I am using Pin for dynamic analysis.
In my dynamic analysis task on 64-bit x86 binary code, I would like to resume the execution at arbitrary program positions (e.g., the second instruction of current executed function) after I fix certain memory access error inside the signal handling callbacks.
It would be something like this:
BOOL catchSignalSEGV(THREADID tid, INT32 sig, CONTEXT *ctx, BOOL hasHandler, const EXCEPTION_INFO *pExceptInfo, VOID *v)
{
// I will first fix the memory access error according to certain rules.
fix();
// then I would like to resume the execution at an arbitrary position, say, at the beginning of current monitored function
set_reg(rip, 0x123456); // set the rip register
PIN_ExecuteAt(ctx); // resume the execution
return false;
}
However, I got this exception: E: PIN_ExecuteAt() cannot be called from a callback.

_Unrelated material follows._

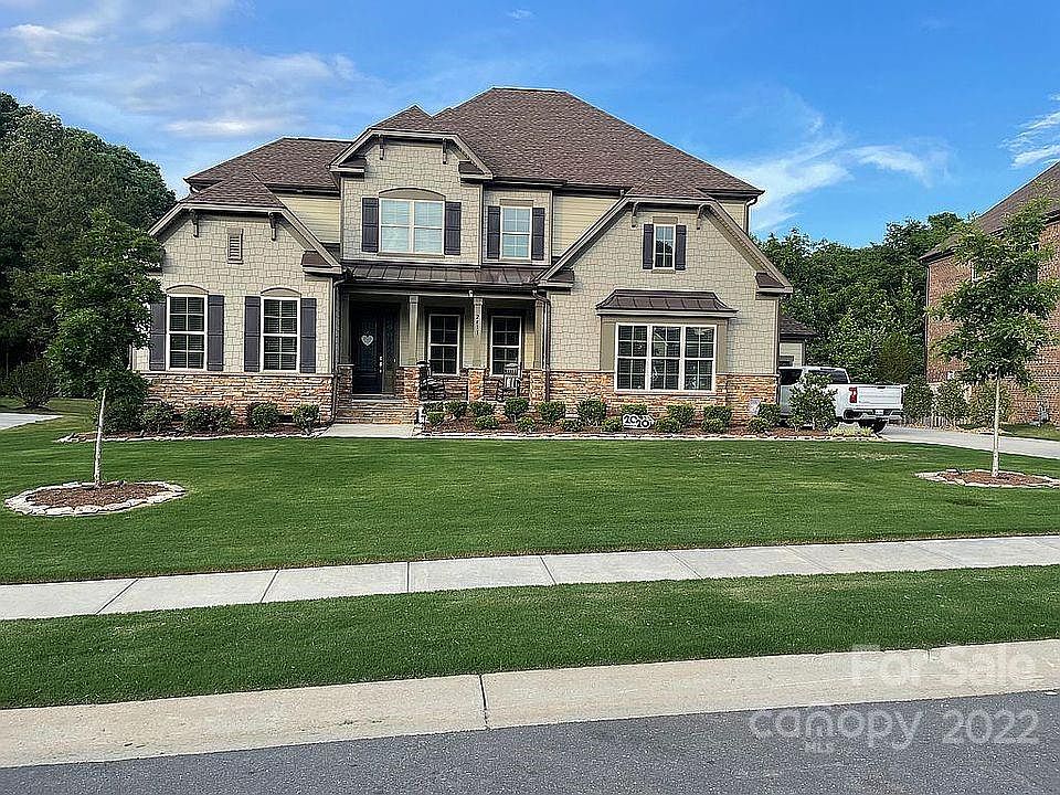 Monterrey model w/many upgrades on wooded lot, across from green space in Cuthbertson school District. In the Estates of Tuscany, this gorgeous home boasts 5 BR, 4.5 baths, HUGE gourmet kitchen w/solid wood, antique staggered cabinets, 11ft x 6ft Center Island, porcelain farmhouse sink, oversized breakfast area w/8ft. sliders, & enormous wrap-around deck. Kitchen w/pot filler, tile backsplash, granite countertops, SS appliances, 5 burner cooktop, & oversized pantry. Island overlooks great room w/gas fp., many windows for natural light, 10 ft. ceilings, 8 ft. doors, crown molding , 5in. hand scraped Bruce engineered hardwood floors, office w/coffered ceiling & French doors, guest suite w/private bath, DR., butler´s pantry, & drop zone all on lower level. Screened-in porch wired for TV, connects to deck. The Primary BR, laundry & 3 bedrooms upstairs, w/2 bathrooms & loft. 5´hand-scraped wood floors too. Primary w/walk-in closets, spa-like bath, tiled shower & soaking tub.

I know I can resume the execution at "current instruction" by return false at the end of the signal handling function, but basically can I resume at arbitrary positions?
Am I clear? Thank you for your help!
The documentation is clear on this:
A tool can call this API to abandon the current analysis function and resume execution of the calling thread at a new application register state. Note that this API does not return back to the caller's analysis function.
This API can be called from an analysis function or a replacement routine, but not from a callback.
The signal handler is considered a callback. You can only use PIN_ExecuteAt in an analysis function or a replacement routine.
One thing you may try to do is to save the context you are interested in and allow the application to resume, ensuring that the next instruction to be executed has an analysis callback attached. You may be able to use if-then instrumentation to improve performance. Then you can call ExecuteAt from that analysis routine.